Ti racconto la politica - Capitolo 72
Nell’accezione dell’esercizio del potere, la politica si presta per sua natura all’immoralità; essa pone immanente il conflitto tra vantaggi personali e generali e ha facoltà di corruzione sugli uomini.
Attrae sia chi vive da parassita disconoscendo ogni scrupolo morale sia i boriosi che trovano in essa gli strumenti per opprimere il lavoro degli umili.
La politica intesa come mero esercizio del potere, aizza la propensione all’invadenza di quanti hanno ruolo nelle istituzioni che amministrano la vita sociale.
Sono premesse gravi e sostenute dallo squallore di politici che tentano di farle apparire come eque ma, sia pure tra gli innumerevoli tentativi di dare apparente eleganza a certa sostanza depravata, nessuno può negare che, almeno in Italia, la politica stia vivendo una delle sue stagioni più indegne.
La nostra politica istituzionale non ha più la stima del popolo e si è ridotta a pretendere d’esistere, senza avere alcuna dignità per esistere; essa, nonostante il generale disprezzo popolare, resta incollata come una viscida sanguisuga all’usurpazione del potere.
Il nostro ordinamento vigente vive di truffe, prepotenze e veleni; purtroppo, a tale ignominia, si aggiunge l’illusione popolare di combatterlo con azioni di rivalsa dispersive, inefficaci e vanagloriose.
Certo, anche per il popolo vale il detto “errare umanum est” ma, dopo decenni d’insuccessi d’ogni tipo, si potrebbe finalmente evitare di reiterare ostinatamente gli stessi ingenui errori nel tempo; errori divenuti ormai una sorta di patologia che rende il popolo impotente circa la possibilità di ovviare ai soprusi istituzionali subiti.
Sedicenti leader popolari, ripetono fino alla noia i punti dei loro “originali” programmi; affollano con le loro “illuminazioni” sull’ambiente, sul lavoro, sulla sanità, sull’economia, sul fisco, sul bene comune e su mille temi dei quali si ergono illuminati competenti.
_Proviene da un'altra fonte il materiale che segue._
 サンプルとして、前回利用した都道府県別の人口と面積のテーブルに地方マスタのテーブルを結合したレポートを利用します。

Dimenticano sempre, però, un paio di cose; non sanno mai suggerire metodi idonei ad ottenere il potere politico necessario per intervenire sui problemi di cui parlano e non sanno concepire la fiducia da parte di amici e convenuti, quale primo elemento di coesione per ogni intesa.
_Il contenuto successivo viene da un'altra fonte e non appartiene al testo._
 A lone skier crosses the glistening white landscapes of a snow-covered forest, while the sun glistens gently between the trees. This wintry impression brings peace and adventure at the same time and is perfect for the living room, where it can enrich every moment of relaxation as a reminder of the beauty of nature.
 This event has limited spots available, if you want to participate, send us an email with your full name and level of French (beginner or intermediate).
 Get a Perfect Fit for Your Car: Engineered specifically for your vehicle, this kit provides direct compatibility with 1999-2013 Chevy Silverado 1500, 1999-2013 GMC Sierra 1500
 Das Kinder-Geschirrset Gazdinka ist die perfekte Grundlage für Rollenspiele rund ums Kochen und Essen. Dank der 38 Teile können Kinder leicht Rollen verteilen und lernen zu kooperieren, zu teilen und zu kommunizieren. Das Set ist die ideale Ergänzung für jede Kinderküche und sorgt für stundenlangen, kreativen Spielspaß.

A nessun leader è dato d’essere grande, se non sa trasmettere quel senso di rispetto su cui si genera la fiducia popolare.
Di là della posizione gongolante dei benpensanti, un assetto politico popolare nuovo non otterrà ragione se non sarà inconfutabilmente rispettoso della dignità umana; presunzione ed emotività non possono conferire alcun successo stabile.
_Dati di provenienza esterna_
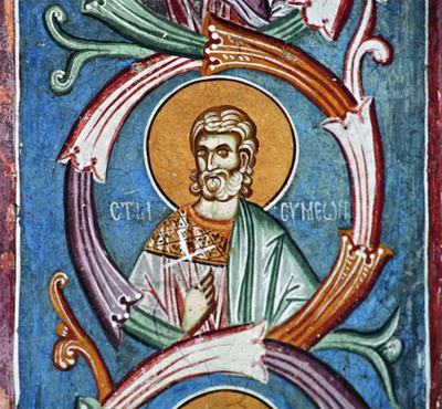 Мученичество С. изображали в составе минейных циклов на апр. Согласно сведениям Синаксаря, переписанного в 1249 г. (РНБ. Греч. 240) визант. мон. Ионой с рукописи XI в., составленной неким Петром, память С., старца 117 лет, приходилась на 14 апр.; (Порфирий (Успенский). 1867. С. 31-32). Под 17 апр. его исповедничество проиллюстрировано в Минологии Димитрия Палеолога, деспота Фессалоники (Bodl. gr. th. f. 1. Fol. 86, между 1322 и 1340): старец с недлинной бородой и высоким лбом, в святительских облачениях, серой фелони и белом омофоре с крупными черными крестами; он стоит на коленях над телами сподвижников с вытянутыми вперед покровенными руками, готовый принять свою усеченную голову. Как С. в росписях ц. прав. Симеона Богоприимца новгородского Зверина мон-ря (ок. 1467, с поновлениями) атрибутируется полуфигура в медальоне на вост. стене под 14 апр.: старец с клиновидной бородой средней длины, с высоким лбом, в святительских крещатых ризах. Н. Н. Герасимов предположил, что это свт. Мартин I, папа Римский, память к-рого отмечается в этот день по Иерусалимскому уставу (Герасимов. 1979. С. 249), однако нельзя исключать, что изображен именно С., чья память, как указано выше, также отмечалась в этот день, в подписи может быть опознана заглавная буква его имени (Введенская. 2010). Как седой святитель в фелони и омофоре С. присутствует в греко-груз. рукописи кон. XV в. (РНБ. О. I. 58. Л. 110; Евсеева. Афонская книга. С. 296. Кат. 145). Его образ представлен в оформлении юго-вост. малого купола кафоликона афонского монастыря Кутлумуш (Τούτος, Θουστέρης. 2010. Σ. 301). В росписях монастыря Дионисиат на Афоне (1546/47, мастер Дзордзис Критский; Ibid. Σ. 246) в минологии показано усечение главы С. На святителе, старце с короткой бородой, лиловая фелонь, серый подризник, на его упавшую главу смотрит стоящий за ним на коленях молодой подвижник в красном; композиция расположена рядом с проемом между нартексом кафоликона и помещением, ведущим в трапезную.
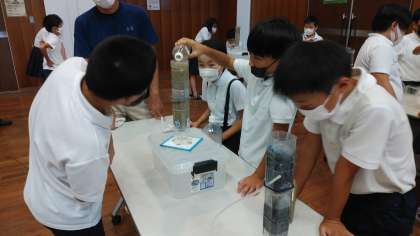 ろ過実験装置を使って川の水をきれいにする実験をしました。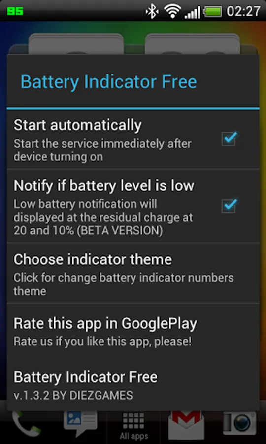Battery Indicator Free - it's easy , free app that shows information about the battery in the status bar.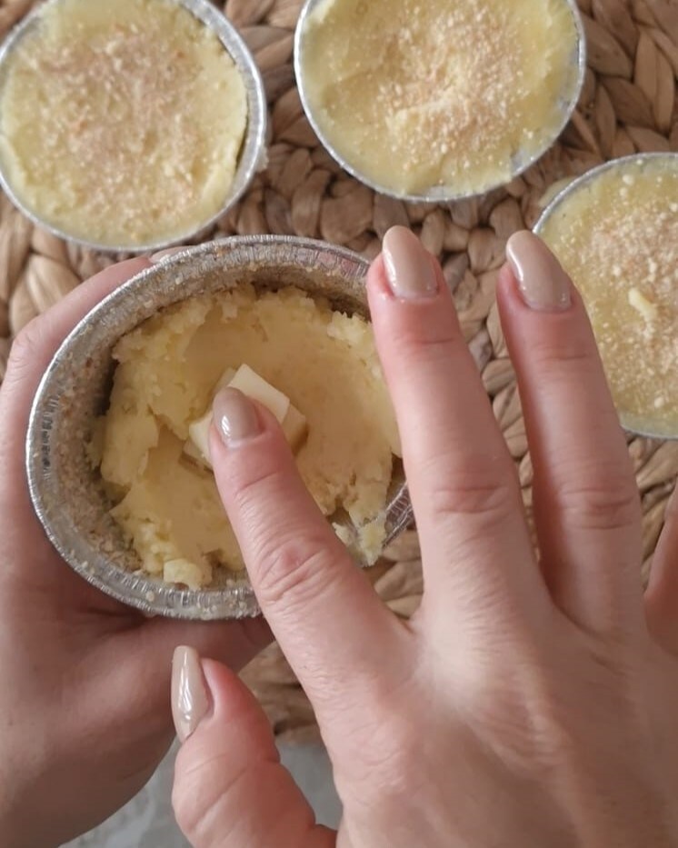 Vul de vormpjes om de taartjes te vormen: schep het mengsel beetje bij beetje met een theelepeltje in de vormpjes en druk het aan met de achterkant van de lepel.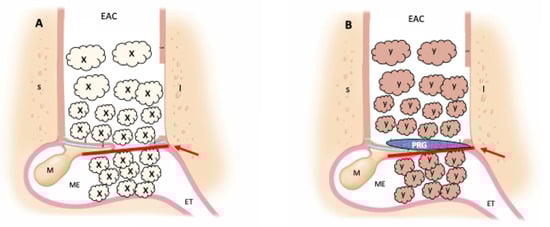 Surgical treatment. (A) Control group (classic tympanoplasty); (B) PRP group (tympanoplasty with addition of platelet-rich plasma and platelet-rich gel); red arrow—temporalis fascia; X—atelocollagen sponge with ciprofloxacin solution; Y—atelocollagen sponge with platelet-rich plasma and ciprofloxacin solution; PRG—platelet-rich gel; S—superior external ear canal wall; I—inferior external ear canal wall; EAC—external ear canal; ET—eustachian tube; M—malleus; ME—middle ear.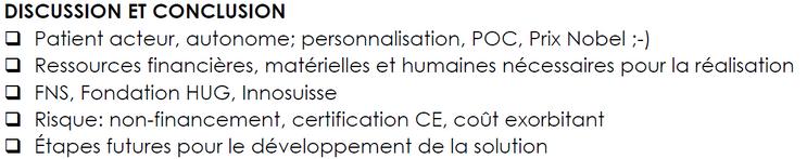 Cette solution est innovante car elle regroupe et réutilise des données qui n’ont jamais été regroupées jusqu’ici, issues de sources institutionnelles et de sources provenant de patients eux-même, qu’ils documentent dans leur environnement via des applications développées aux HUG (Dolodocet Cara)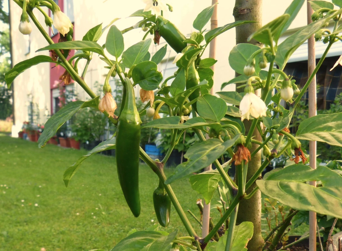 Meine Gießhilfe während des Urlaubs hat es geschafft, dass endlich mal Rocotos wachsen, bei mir fielen sie nach der Blüte immer ab, da war ich wohl zu sparsam mit dem Wasser: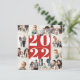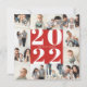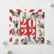 Stylish square photo card featuring a 12 photo collage with a hand-painted buffalo plaid check pattern in red. Add an additional photo and custom sentiment on the back.

La democrazia comporta d’essere intrinsecamente capita e un popolo che vive di superficialità e fissazioni, non può essere in grado di eleggerla a ordinamento della cosa pubblica.
Fissazione e suggestione inducono a teorizzare e perfino pensare di votare progetti totalmente inutili e insostenibili; se anche tutta l’Italia “esaltata” votasse unanime per l’asino che vola, l’asino non potrebbe volare lo stesso.
Nuovi gruppi, movimenti, partiti e quant’altro dovranno conferire al fenomeno dell’aggregazione popolare, le doti di umanità, sobrietà e avvedutezza che sono state smarrite.